EDITOR’S NOTE: This press release has been updated from a version posted on April 14, 2021 to include a recording of Iowa Learning Farms’ webinar held at noon on Wednesday, April 21, 2021.
AMES, Iowa — Soil health and water quality benefits associated with organic farming was be the topic of the Iowa Learning Farms webinar at noon on Wednesday, April 21.
Dr. Kathleen Delate, professor in the departments of agronomy and horticulture at Iowa State University, shared research results that show greater soil and water quality benefits in organic systems with longer crop rotations, when compared to conventional corn-soybean rotations. Small grains and perennial legume species, like alfalfa, are integral to supporting greater soil microbial populations and aggregate stability. Certified organic production requires the use of slower-release forms of nitrogen, which are associated with less nitrate loading and improved water quality.
“Returns have been negative in conventional row crop farming in recent years—alternatives that consist of longer crop rotations with lower inputs and improved soil and water quality need to be explored,” said Dr. Delate, who is responsible for research, extension, and teaching in organic agriculture at Iowa State University. “Give organics a go. You might be surprised to see how your soil changes and how many more pollinators and beneficial insects show up on your farm!”

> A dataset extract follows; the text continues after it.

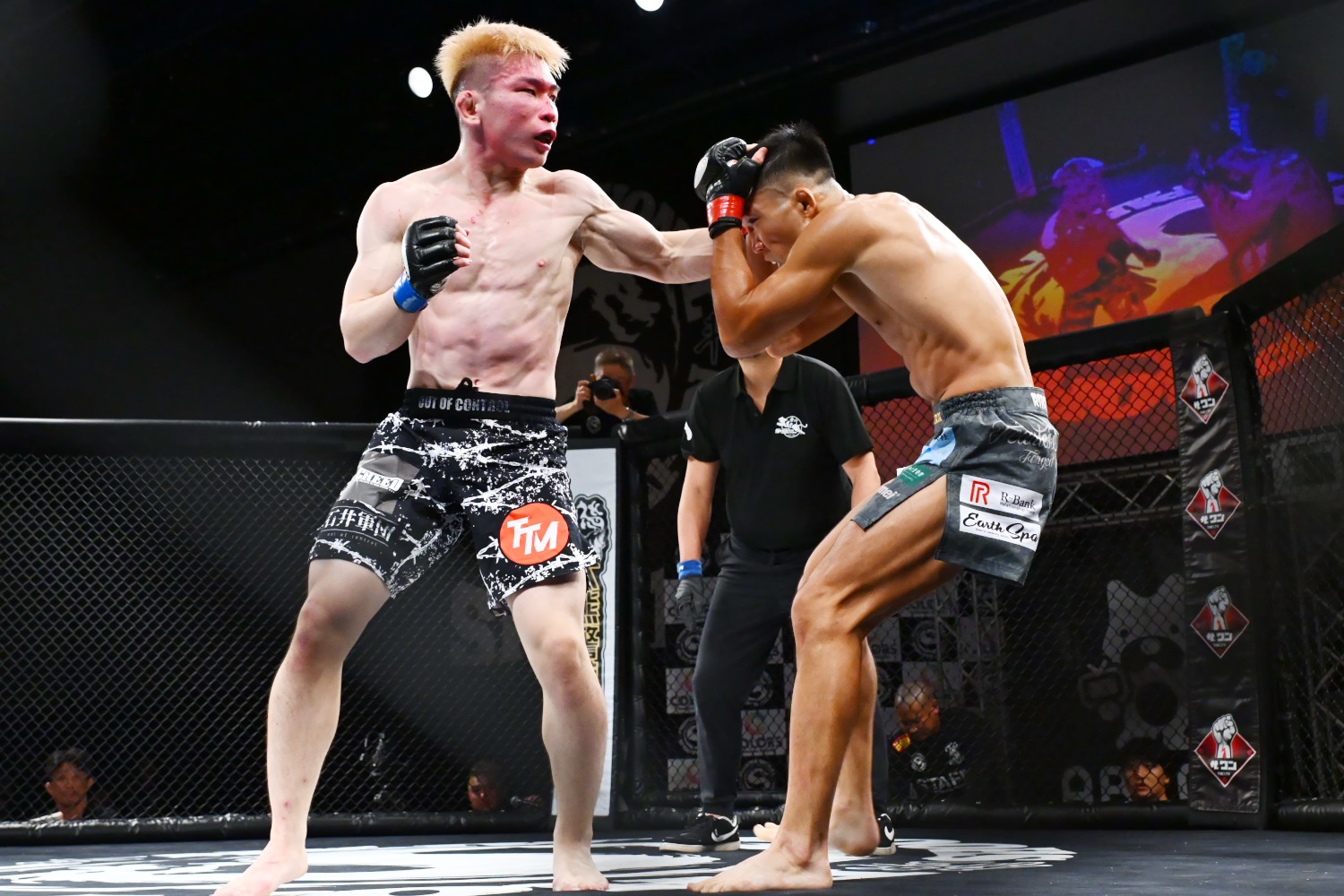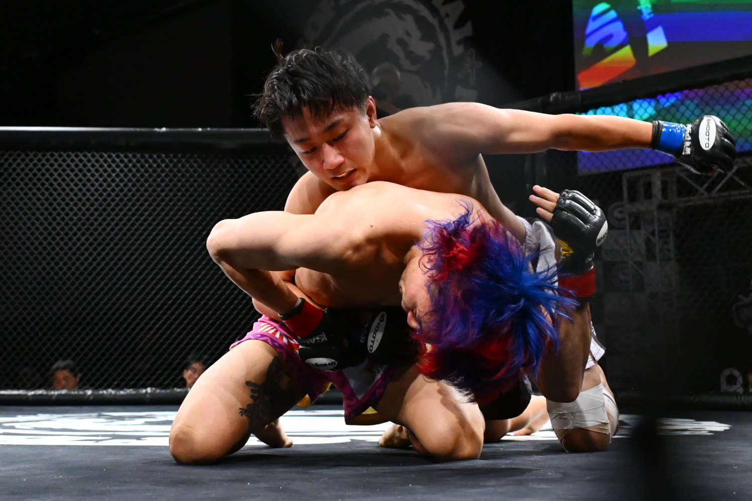 1R、田口がテイクダウンを奪うが、マッチョがすぐに返して上になる。その後もお互い上を取り合う展開に。終盤、田口がバックマウントから裸絞めを狙うが、マッチョは脱出し上からパウンドを当てる。マッチョは立つと、座った状態の田口の胸に膝蹴りを2発当てる。顔面スレスレの膝もあったが、内田レフェリーは続行する。ラウンド終了後、レフェリーはマッチョに何か声をかけ、マッチョは両手を横に広げるセーフのジェスチャーをしていたので、膝蹴りに関する会話があったようだ。記者採点はマッチョ。

Archived webinars are available at https://www.iowalearningfarms.org/page/webinars.
About Iowa Learning Farms
Established in 2004, Iowa Learning Farms is building a Culture of Conservation by encouraging adoption of conservation practices. Farmers, researchers and ILF team members are working together to identify and implement the best management practices that improve water quality and soil health while remaining profitable. Partners of Iowa Learning Farms include the Iowa Department of Agriculture and Land Stewardship, Iowa State University Extension and Outreach, Leopold Center for Sustainable Agriculture, USDA Natural Resources Conservation Service, and Iowa Department of Natural Resources (USEPA section 319) and GROWMARK, Inc.